THE TASK: After locating the line with "反腐倡廉教育館位于公司信息調" below, output it and each following line exactly, stopping after the line with "3、比如下面这个【止血】就非". No pictures.

DATA EXCERPTS:
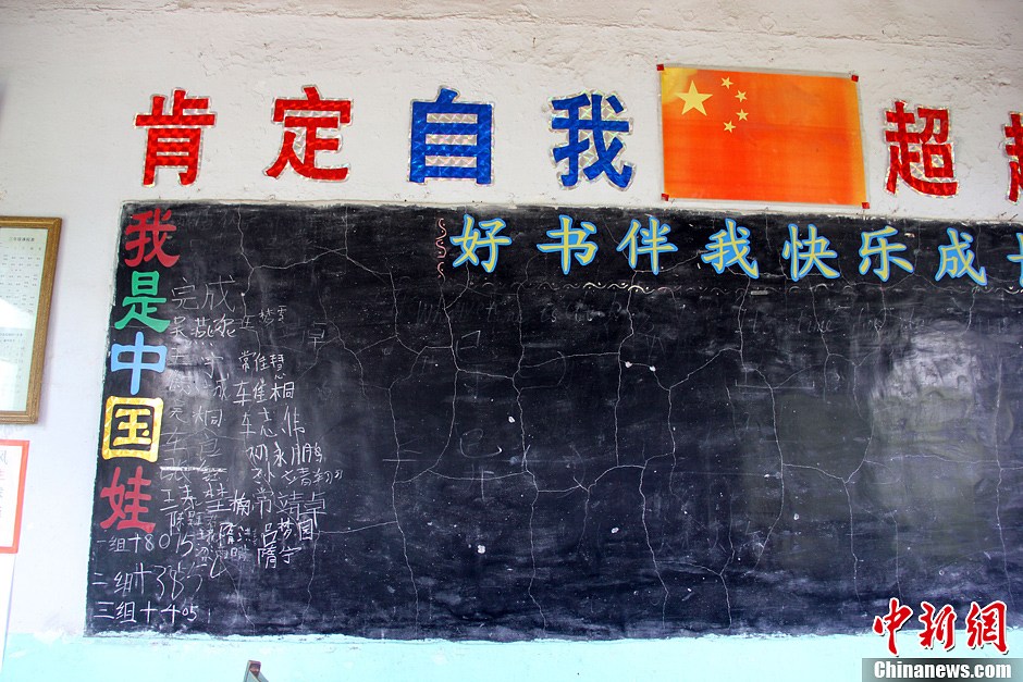 教室里贴着“我是中国娃”“奔向金色童年”等励志标语。王娇妮摄
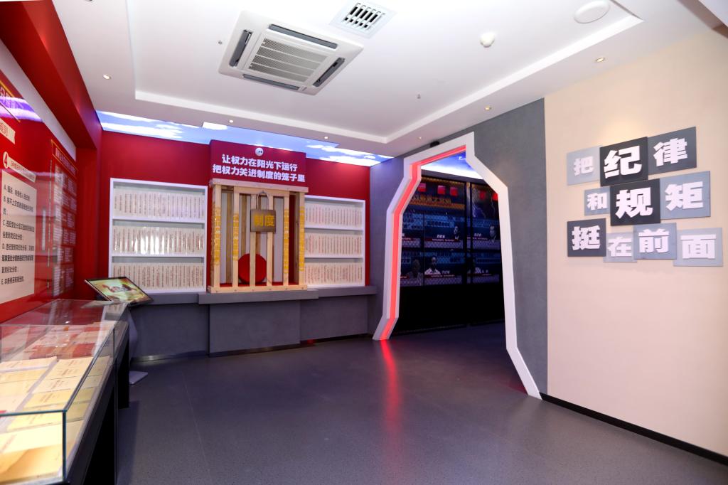 反腐倡廉教育館位于公司信息調(diào)度中心一樓,是公司反腐倡廉教育基地的核心部分,面積約400平方米,分設(shè)“序廳、諄諄教導(dǎo)、挺紀(jì)在前、警鐘長鳴、懺悔反思、時(shí)代楷模、銅煤清風(fēng)、尾廳”8個(gè)展區(qū),運(yùn)用圖文展示、情景模擬,照片、視頻、案例、聲像相結(jié)合的方式,借助聲光電等現(xiàn)代化布展手段,構(gòu)筑起多維展區(qū),使參觀者通過接受現(xiàn)場教育,達(dá)到筑牢拒腐防變思想防線,增強(qiáng)廉潔從業(yè)思想自覺和行動(dòng)自覺的目的。
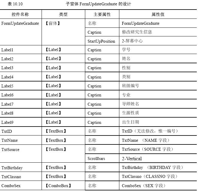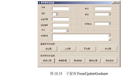 打開名為formupdategraduate的子窗體,如圖10.53所示。
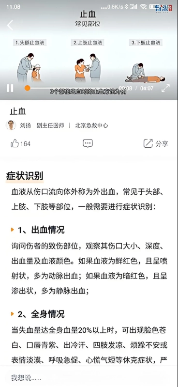 3、比如下面这个【止血】就非常详细,当你遇到特殊情况时不知怎么办,可以打开这个查看解决办法;
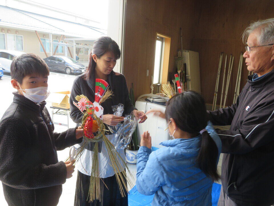 令和7年12月20日に、本庄の島尊さんを講師に招き「おやこdeしめ縄づくり体験」を開きました。しめ縄を3本で編む理由、だいだいや海老を飾る理由などを説明していただきました。四人一組となって締め上げていきます。四人一組ですので、となり同士の家族で協力しながら和気あいあいと締め上げて完成しました。最後に玄関の向きによって飾る方向があることを教わりました。皆さん自分が作ったしめ縄に満足した笑顔が新年の福を呼ぶことでしょう。
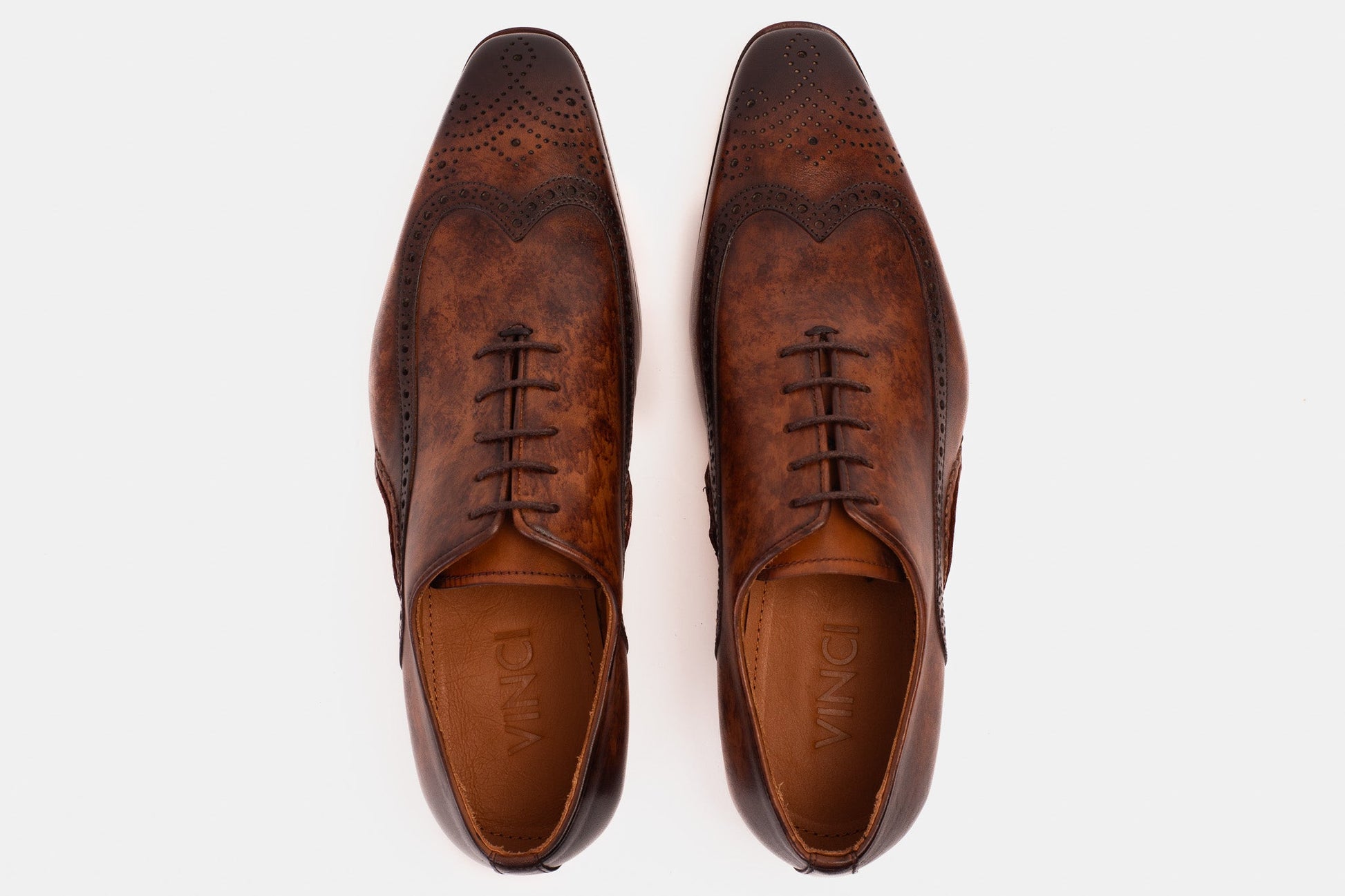 Artistic Hand-Painted Finish: The brown leather is adorned with a hand-painted finish, adding a touch of individuality and refinement to each pair.
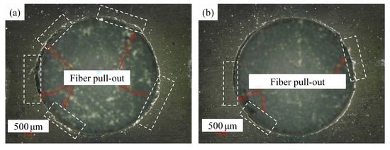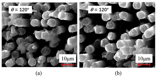 The morphology of Figure 21 is observed when the cutting angle of the fibers is around 150°. Figure 21a is the morphology of ordinary reaming. It can be seen that most of the breaks of carbon fibers are transversely broken along the fibers due to the extrusion of carbon fibers by the cutting edge of the reamer. The debonding breakage of fibers and resins also causes some of the outer surfaces of carbon fibers to be exposed outside the cutting surfaces. Fiber ports are unevenly arranged, with many small segments, not completely cut off, connected to the fiber head, resulting in poor surface roughness. Figure 21b shows the morphology during ultrasonic reaming. Similar to ordinary reaming, there are many fiber breaks of different lengths, but these breaks are flatter than with ordinary reaming, and the roughness is significantly improved with ordinary reaming.
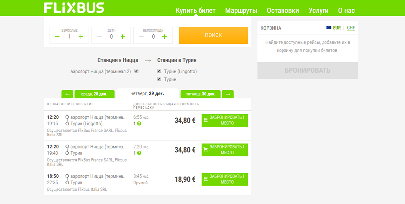 Добраться на автобусе FlixBus можно с пересадкой в Генуе (выезд с автостанции, расположенной у выхода с аэропорта в 12:20) или без пересадки (выезд тоже от аэропорта в 18:50). Конечно, удобнее всего ехать без пересадок – в таком случае дорога займет всего чуть более 3,5 часов.

YOUR RESPONSE:
 反腐倡廉教育館位于公司信息調(diào)度中心一樓,是公司反腐倡廉教育基地的核心部分,面積約400平方米,分設(shè)“序廳、諄諄教導(dǎo)、挺紀(jì)在前、警鐘長鳴、懺悔反思、時(shí)代楷模、銅煤清風(fēng)、尾廳”8個(gè)展區(qū),運(yùn)用圖文展示、情景模擬,照片、視頻、案例、聲像相結(jié)合的方式,借助聲光電等現(xiàn)代化布展手段,構(gòu)筑起多維展區(qū),使參觀者通過接受現(xiàn)場教育,達(dá)到筑牢拒腐防變思想防線,增強(qiáng)廉潔從業(yè)思想自覺和行動(dòng)自覺的目的。
 打開名為formupdategraduate的子窗體,如圖10.53所示。
 3、比如下面这个【止血】就非常详细,当你遇到特殊情况时不知怎么办,可以打开这个查看解决办法;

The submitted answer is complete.